Assignment: Copy the lines below exactly, starting at the one with "16. Loosen the" and ending at the one with "This SpaceCraft Semi", and leave out any picture.

Available data:
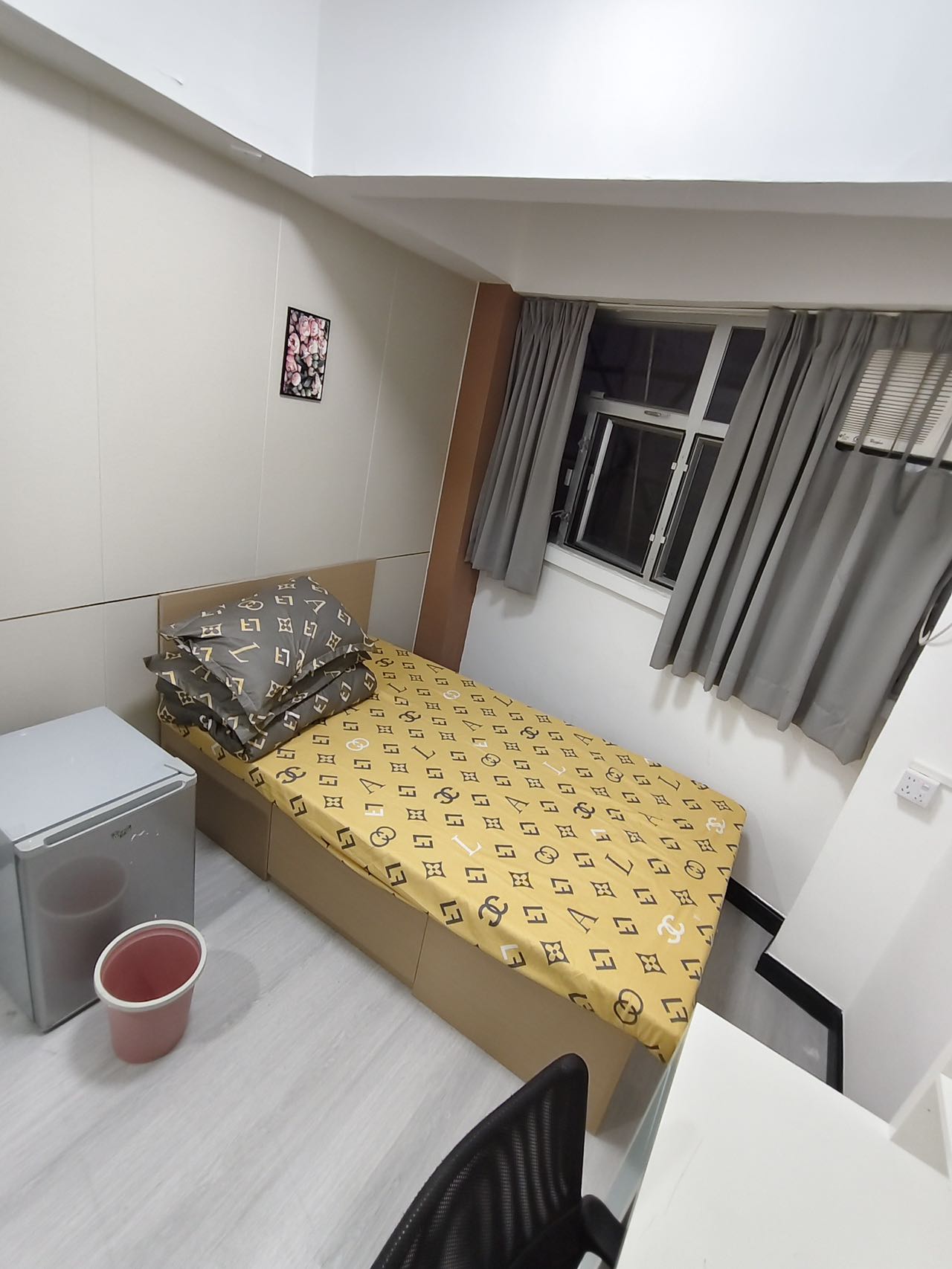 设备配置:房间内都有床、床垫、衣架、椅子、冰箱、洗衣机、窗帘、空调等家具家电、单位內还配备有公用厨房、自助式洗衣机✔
==
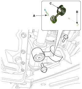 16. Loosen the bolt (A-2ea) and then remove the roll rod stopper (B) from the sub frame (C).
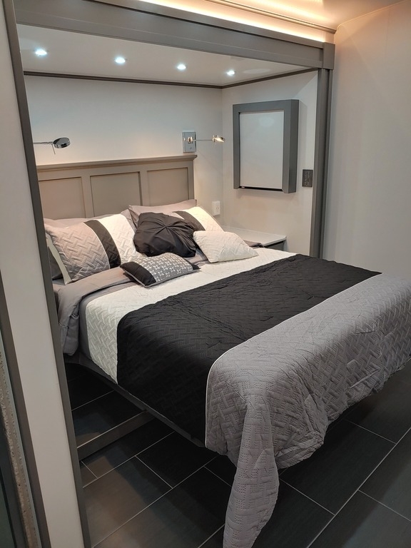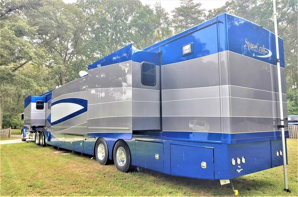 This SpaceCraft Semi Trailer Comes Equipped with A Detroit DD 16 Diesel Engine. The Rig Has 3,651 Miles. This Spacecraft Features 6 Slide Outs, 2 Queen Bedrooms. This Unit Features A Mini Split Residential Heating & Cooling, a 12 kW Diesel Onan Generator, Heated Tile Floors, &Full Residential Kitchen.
* * *
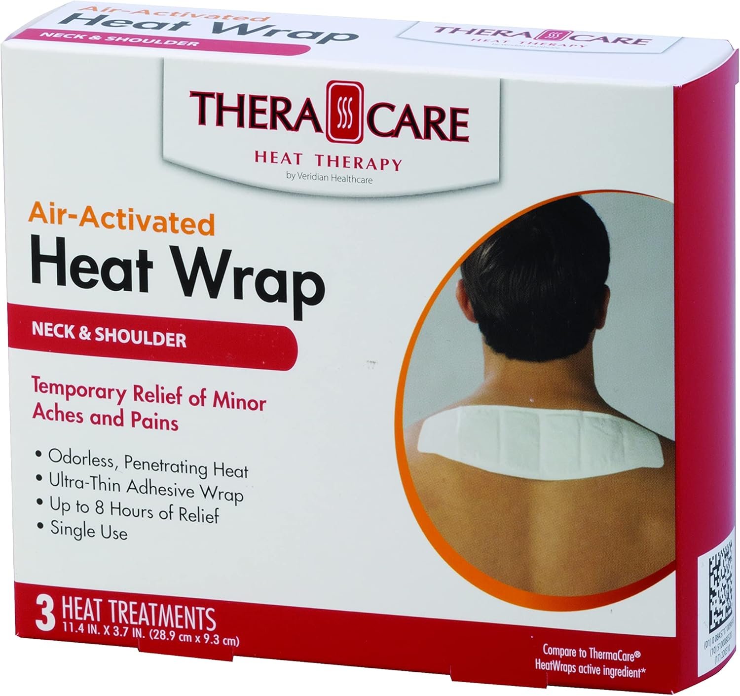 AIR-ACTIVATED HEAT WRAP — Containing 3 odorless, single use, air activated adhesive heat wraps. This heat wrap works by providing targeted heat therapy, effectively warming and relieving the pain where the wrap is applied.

Task solution:
 16. Loosen the bolt (A-2ea) and then remove the roll rod stopper (B) from the sub frame (C).
 This SpaceCraft Semi Trailer Comes Equipped with A Detroit DD 16 Diesel Engine. The Rig Has 3,651 Miles. This Spacecraft Features 6 Slide Outs, 2 Queen Bedrooms. This Unit Features A Mini Split Residential Heating & Cooling, a 12 kW Diesel Onan Generator, Heated Tile Floors, &Full Residential Kitchen.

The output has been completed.